So it’s no secret that the Valar are a pantheon in the style of the Pre-Christian Europe, like the Greek and Norse pantheons; head-honcho god has bird/sky themes, and all the big archetypes are filled: war, nature, forge, spring, death/doom, chaos, sea, weaving/history, hunting, dancing, dreams, healing/medicine, stars, and pity, the last one being Nienna and a bit of an outlier who makes a lot of sense filling the role that Mary fills in Catholicism, which makes the whole group align better with Tolkien’s Catholic worldview of compassionate deities, a concept that was NOT prevalent in those pre-Christian gods.
A few main members of the archetypal pantheon are missing, One is a god of music, which makes sense because ALL the Ainur are gods of music due to the nature of the universe. Others are taken up by maiar, such as Arien and Tillion being the sun and the moon, Tillion being a Maia of Orome the hunter, which draws Artemis connections, and Arien being a Maia of Vana the ever young. Eonwe is the messenger and
Melian’s role is never expressly defined unlike Arien and Tillion and others. She’s associated with both spring and healing through Vana and Este, and her contribution to the song pre-children seems to be songbirds-more specifically teaching the nightingales to sing songs, since birds should fall under Manwe or Yavanna’s purview (she is said to be akin to Yavanna, but that’s vague and not fleshed out).

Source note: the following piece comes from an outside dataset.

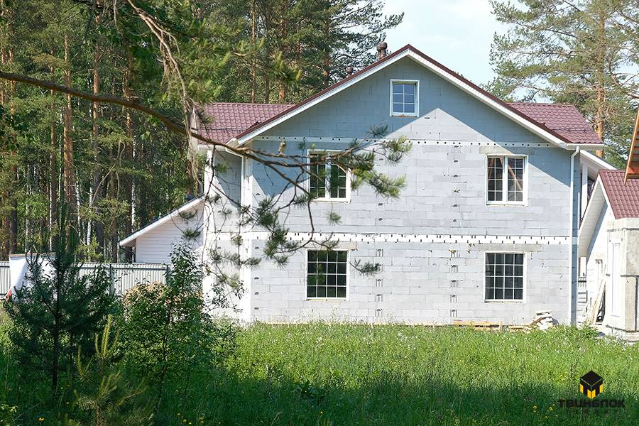 Дом из газобетона (Твинблока) построенный на ППУ клей-пене

But she’s also seen as one of the more powerful Maia, and I don’t see that justified by being the Maia of songbirds. Again, music is ALL of the Ainur’s thing, and what do songbirds have to do with healing, the main power her descendants inherit?
Well, what do songbirds have to do with spring? What is the point of their songs?
It’s attracting a mate. Birds in spring is euphemistically associated with love and sex.
Melian is the only Maia we know of to marry one of the children, and this pantheon is MISSING a goddess of love and marriage and motherhood. Her daughter then goes on to have THE romance of legend, and while Luthien is acting out of love for Beren she is basically unstoppable.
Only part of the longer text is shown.